A now deceased member of this family had told her descendants that not all
of the Kopelmans from Vasilishki are related and this might as well have
been inscribed in gold for the descendants.
In the ALD, one can find 120 Kopelmans listed on the 1858 census, from around
20 families. One of my twin aunts has the unusual Yiddish name of Faila.

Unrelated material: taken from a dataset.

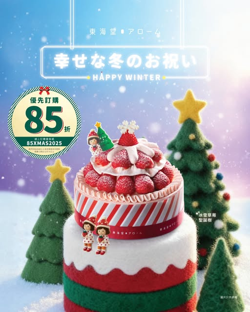 凡於12月14日或之前,蒞臨門市或網上(輸入優惠碼「85XMAS2025」)預訂$239或以上之指定聖誕系列蛋糕,即享優先訂購85折優惠

I found two Failas listed on the census and asked Professor Gerald Esterson
about the origins of this name. He is an expert on given names and has created
an online searchable database of given names. Jerry had never heard of this
name before! After some sleuthing, it turns out to match my aunt’s English
name, Violet, having the same meaning and originating from the German word;
Veil. While the name does appear in some Polish Jewish trees as Fela, the
name is quite rare and seems only to be found in the Kopelman tree in it’s
more Germanic form. Perhaps this is a throwback to my newfound German heritage.
At any rate, my Aunt Vi inherited her father Ellis’ sense of humor. She once
asked my grandmother why she saddled her with such an odd name. Elizabeth
answered her that she was born in the spring. Aunt Violet riposted, “And
if I’d been born in December would you have named me Santa Claus?”